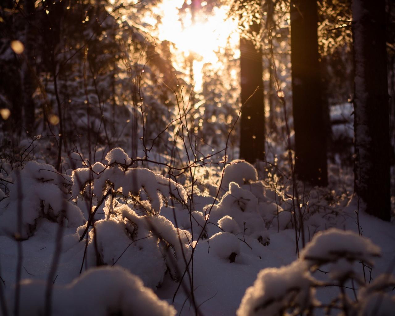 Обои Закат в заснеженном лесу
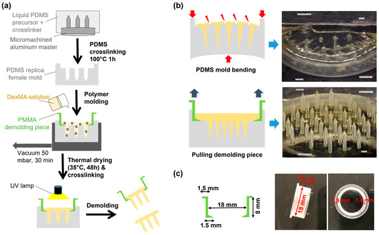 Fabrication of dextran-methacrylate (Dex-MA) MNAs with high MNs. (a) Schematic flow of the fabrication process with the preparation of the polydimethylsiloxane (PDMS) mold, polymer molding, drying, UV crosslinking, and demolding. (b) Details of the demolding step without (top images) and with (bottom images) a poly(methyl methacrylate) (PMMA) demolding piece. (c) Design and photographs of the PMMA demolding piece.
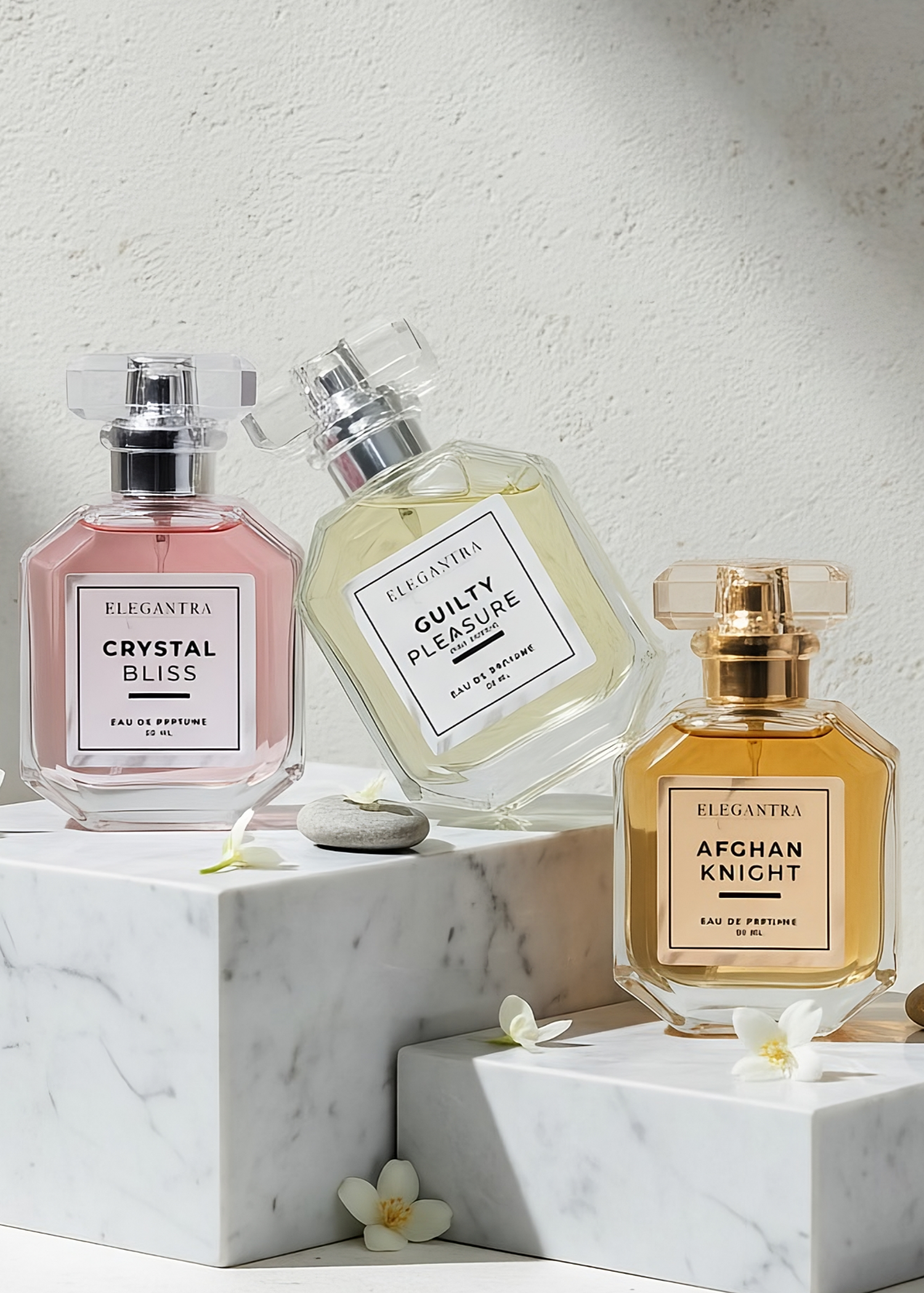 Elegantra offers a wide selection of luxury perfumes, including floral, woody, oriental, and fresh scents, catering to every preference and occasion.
--
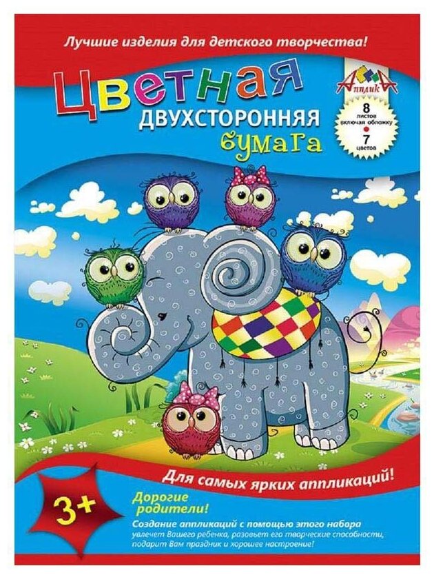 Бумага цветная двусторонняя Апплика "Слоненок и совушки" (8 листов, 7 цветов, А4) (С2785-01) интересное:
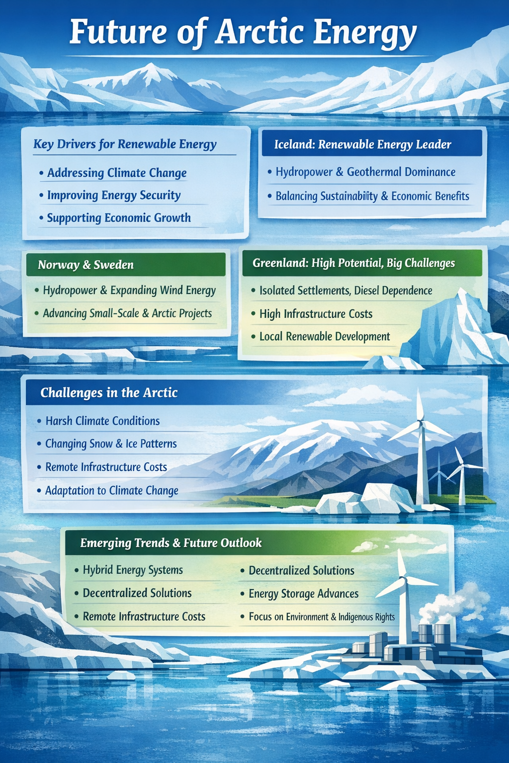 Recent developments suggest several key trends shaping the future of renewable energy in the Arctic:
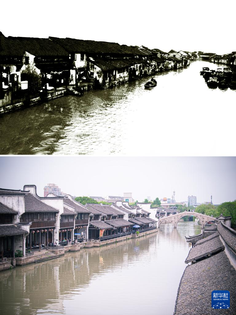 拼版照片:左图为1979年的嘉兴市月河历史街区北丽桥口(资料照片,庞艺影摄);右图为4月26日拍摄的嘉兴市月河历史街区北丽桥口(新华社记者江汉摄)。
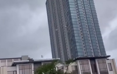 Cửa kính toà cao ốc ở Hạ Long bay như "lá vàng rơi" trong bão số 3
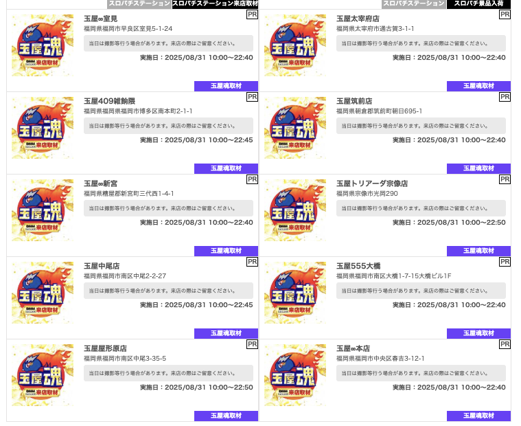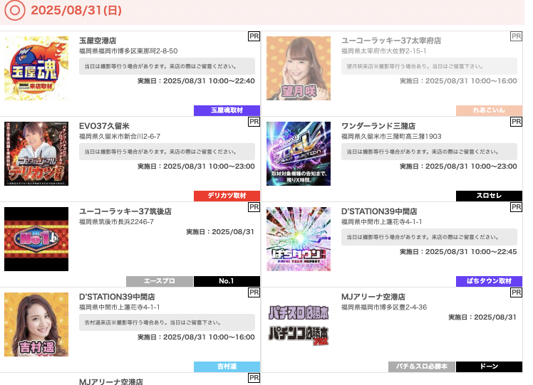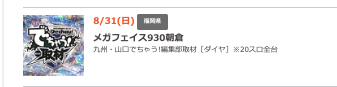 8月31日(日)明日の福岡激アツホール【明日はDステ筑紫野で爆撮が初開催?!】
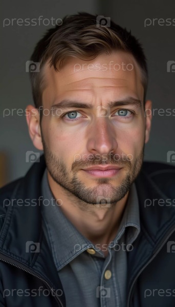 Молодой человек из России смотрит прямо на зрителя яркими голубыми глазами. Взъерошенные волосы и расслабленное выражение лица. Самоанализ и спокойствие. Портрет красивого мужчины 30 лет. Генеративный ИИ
---
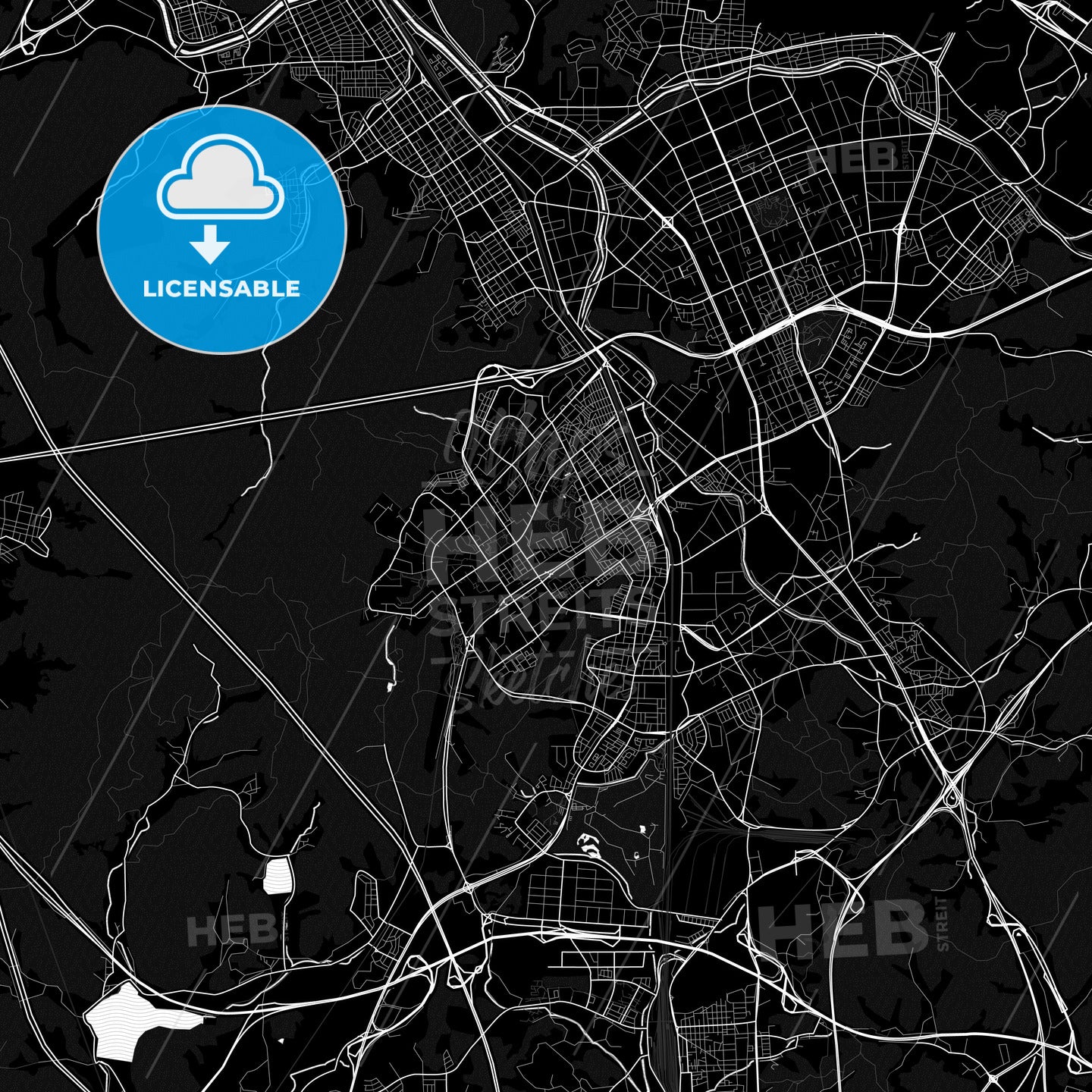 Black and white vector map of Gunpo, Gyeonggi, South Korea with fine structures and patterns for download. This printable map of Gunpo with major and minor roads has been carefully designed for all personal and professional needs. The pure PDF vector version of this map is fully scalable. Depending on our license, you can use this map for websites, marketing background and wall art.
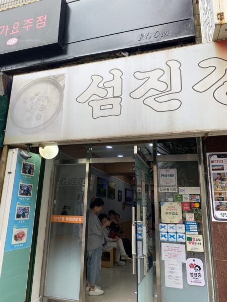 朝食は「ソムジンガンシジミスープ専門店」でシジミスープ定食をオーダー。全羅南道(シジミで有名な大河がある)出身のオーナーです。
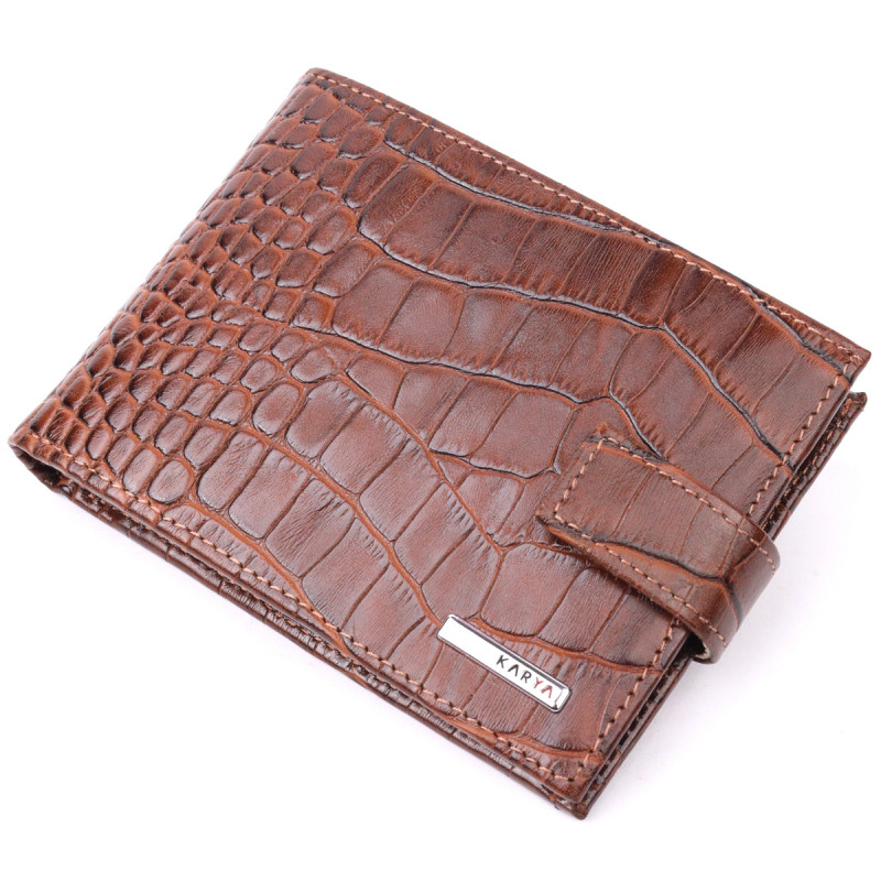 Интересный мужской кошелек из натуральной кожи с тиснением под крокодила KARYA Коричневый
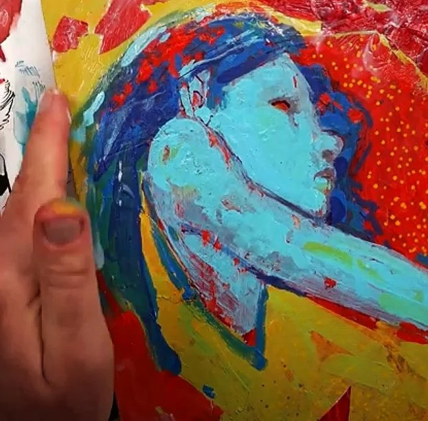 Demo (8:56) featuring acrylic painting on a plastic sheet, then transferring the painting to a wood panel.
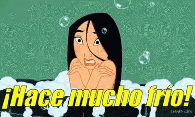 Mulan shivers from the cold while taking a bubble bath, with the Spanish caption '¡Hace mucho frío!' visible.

*ABOUT THIS EXERCISE*:
When you reach the line with "8月31日(日)明日の福岡激アツホール【明日はDステ筑紫野で爆撮が初開催?!】" in the records above, begin repeating the lines exactly, and stop after the line with "Молодой человек из". Skip all pictures.

*EXERCISE RESULT*:
 8月31日(日)明日の福岡激アツホール【明日はDステ筑紫野で爆撮が初開催?!】
 Молодой человек из России смотрит прямо на зрителя яркими голубыми глазами. Взъерошенные волосы и расслабленное выражение лица. Самоанализ и спокойствие. Портрет красивого мужчины 30 лет. Генеративный ИИ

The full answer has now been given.